Técnicas de ataque e alvos
De acordo com o relatório de análise de Mauro Eldritch, este ataque utiliza a técnica ClickFix: os atacantes enviam, via Telegram (utilizando contas de contactos já comprometidas), ligações disfarçadas como convites legítimos para reuniões, levando o alvo a um site falso que imita Zoom, Microsoft Teams ou Google Meet, e pedem ao utilizador que execute comandos no terminal do macOS para “resolver” problemas de ligação. Esta operação permite ao atacante obter acesso ao sistema sem despoletar as medidas de controlo de segurança tradicionais.
Os dados-alvo incluem: credenciais e cookies guardados no navegador, dados do macOS Keychain, e dados das extensões de navegadores como Brave, Vivaldi, Opera, Chrome, Firefox e Safari.
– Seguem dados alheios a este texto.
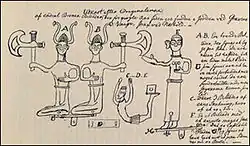 A drawing of four of the figurines was made in 1779, by Schnabel. The drawing shows two kneeling figures of warriors with horned helmets and axes, a leaping acrobat, and a standing woman. The shape of the rest is unknown, said to have been sold at aution in 1800.[1] Five of these figurines are now lost, while two were bought by the Danish National Museum in 1823 and 1839. The right axeman is pressumed lost during the Bombardment of Kopenhagen in 1807.
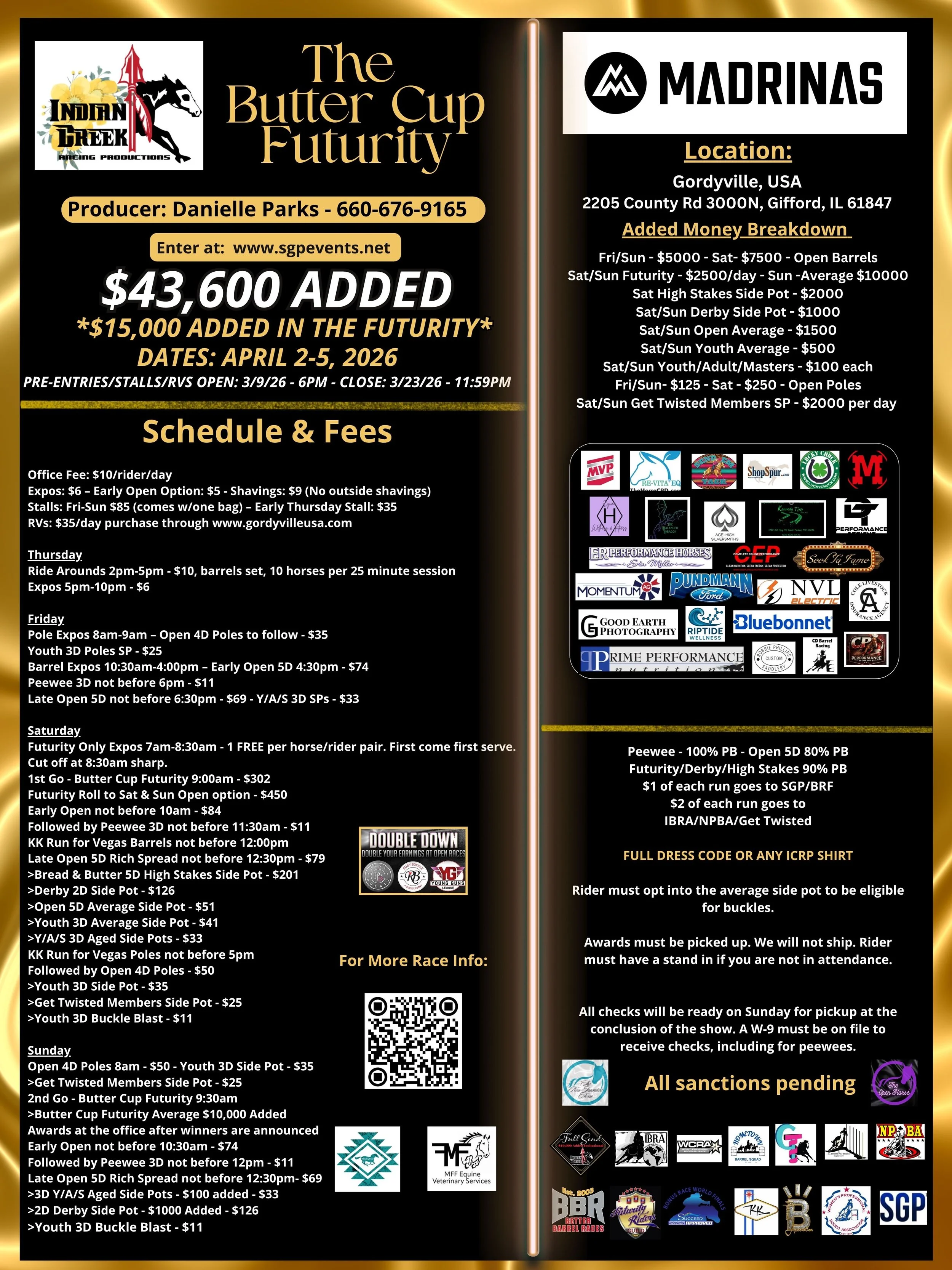 ➡️ Your horse must have its number on its saddle pad with their pre-draw number in a random draw for both rounds. Pre-draw will be posted no later than 3/30/2026. Late entries for the futurity will be drawn immediately at the end of the show Friday. Futurity riders will run in reverse order for round #2.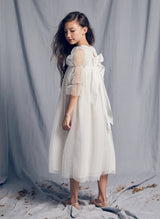 Nellystella has designed a mid-length formal girls dress for that special occasion with double puffed sleeves, ruched bodice, and whimsical embroidery on back ribbons. 100% nylon, cotton lined, machine wash, lay flat to dry, steam.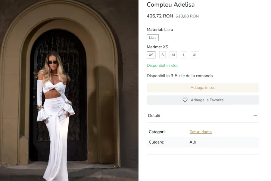 „Un outfit impecabil, destinat femeii moderne care iubește eleganța minimalistă, dar de impact. Acest set compus din top bustieră cu mâneci lungi detașabile și fustă lungă cu talie înaltă și drapaj lateral este alegerea ideală pentru evenimente speciale, petreceri de vară sau apariții pe litoral”, se arată pe site-ul oficial, unde apare compleul.

Os dados exfiltrados são divulgados através da Telegram Bot API; o relatório indica que os atacantes expuseram tokens de bots do Telegram (falha de OPSEC), enfraquecendo a sua segurança operacional.
Os alvos do ataque são principalmente programadores, executivos e decisores em ambientes empresariais de elevado valor, nomeadamente nas áreas de fintech e criptomoedas, bem como em ambientes em que o macOS é amplamente utilizado.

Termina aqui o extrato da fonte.